This sentiment is furthered by Hillary Coe, Chief Design and Marketing Officer at Vast, who previously helmed visual strategies for SpaceX’s human spaceflight for NASA’s Commercial Crew program. “It’s been scientifically proven that connecting people to natural environments—like gathering at a communal table to eat and having natural wood grains, or the circadian rhythm in the light cycles on the station—makes us feel comfortable and safe,” she tells Surface. Coe sees this sense of designing for feeling as a way of tethering space travelers back to Earth, and as a way of furthering their capabilities.

Courtesy of IWC

Evident in the designs for both the Pilot’s Venturer Vertical Drive and Haven-1 is a language that bridges science fiction and scientific fact. “Sometimes it’s easy to latch onto,” Coe explains. “I love that science fiction has informed so much of what aerospace has done and continues to do.” But, she adds, “I think it’s more about looking beyond the dystopian narratives, the tension that needs to happen when you are writing a film or a book, and ask ‘what is the future of humanity that we all want to see exist in space?’ That’s at the core of our design ethos.”

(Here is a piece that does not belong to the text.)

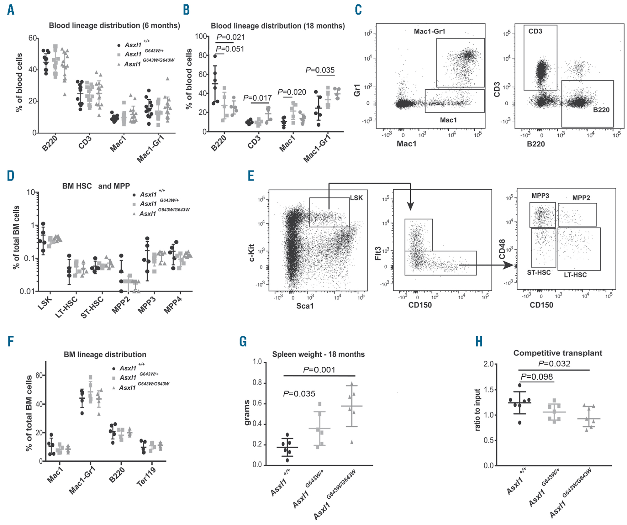 Figure 2.The ASXL1G643W variant has minimal impact on normal hematopoiesis. (A) Fluorescence-activated cell sorting (FACS)-based analysis of the peripheral blood of 6-month old Asxl1+/+, Asxl1G643W/+ and Asxl1G643W/G643W mice (n>11 mice in each experimental group). The relative distribution of B cells (B220), T cells (CD3), neutrophilic granulocytes (Mac1-Gr1) and other monocytic/granulocytic cells (Mac1) was analyzed. (B) FACS-based analysis of the peripheral blood of 18-month old Asxl1+/+, Asxl1G643W/+ and Asxl1G643W/G643W mice (n>5 mice in each experimental group). The relative distribution of B cells (B220), T cells (CD3), neutrophilic granulocytes (Mac1-Gr1) and other monocytic/granulocytic cells (Mac1) was analyzed. (C) Representative FACS profiles of the data from (A-B) with the gating strategy indicated. The FACS profile represents an Asxl1+/+ control mouse. See the Online Supplementary Figure S1 for representative FACS plots of Asxl1G643W/+ and Asxl1G643W/G643W animals. (D) FACS-based analysis of bone marrow hematopoietic stem cell (HSC) and multipotent progenitor (MPP) subsets in 6-month old Asxl1+/+, Asxl1G643W/+ and Asxl1G643W/G643W mice (n>5 mice in each experimental group). (E) Representative FACS profiles of the data from (D) with the gating strategy indicated. The FACS profile represents an Asxl1+/+ control mouse. See the Online Supplementary Figure S1 for representative FACS plots of Asxl1G643W/+ and Asxl1G643W/G643W animals. (F) Lineage distribution of mature bone marrow (BM) subsets in 6-month old Asxl1+/+, Asxl1G643W/+ and Asxl1G643W/G643W mice (n>5 mice in each experimental group). The relative distribution of B cells (B220), T cells (CD3), neutrophilic granulocytes (Mac1-Gr1) and other monocytic/granulocytic cells (Mac1) was analyzed. (G) Spleen weights of 18-month old Asxl1+/+, Asxl1G643W/+ and Asxl1G643W/G643W mice (n>5 mice in each experimental group). (H) Competitive BM transplantation of 1:1 mixtures of CD45.2 donor BM cells from 6-month old Asxl1+/+, Asxl1G643W/+or Asxl1G643W/G643W mice and CD45.1 competitor cells into lethally irradiated CD45.1 recipient mice. The ratio of CD45.2 to CD45.1 in peripheral blood is depicted (n>7 mice in each experimental group).

The Pilot’s Venturer Vertical Drive is a departure from previous aerospace watches in the IWC repertoire, like those from the Inspiration4 and Polaris Dawn human spaceflight missions, which were terrestrial watch adaptations. Here, “IWC did not just take an aviator’s watch and say, ‘how do we edit this, or morph this into something that can be used in space?’ They really took the approach from the ground up and asked, ‘what are the problems that this design can solve?’” Coe says. Though aesthetically and technologically futuristic, the Pilot’s Venturer Vertical Drive’s pared-back design is grounded in necessity.

Courtesy of IWC

“I’ve worked in this industry for quite some time, and especially on this commercial space station, I’ve come to realize and appreciate just how important the science and the research is,” Coe says. “That’s not necessarily something that designers always want to hear but it’s true. The kind of benefit that designing for space allows, the democratization of space, is that if I can design a space station that is useful for anyone—a scientist, a researcher, the average person—and they can be comfortable and feel like they can tackle a mission at hand, there is a greater benefit to life on Earth and our future in space.”

Both Coe and Young return to the idea of Vast as a place that produces inspiration in addition to spacecraft. IWC’s Pilot’s Venturer Vertical Drive channels this methodology. “It embodies our vision of a modern space watch and carries IWC’s tool watch legacy into the 21st century,” says Christian Knoop, Creative Director at IWC Schaffhausen. And thanks to Vast’s stamp of technical approval, it will soon venture where few have gone before.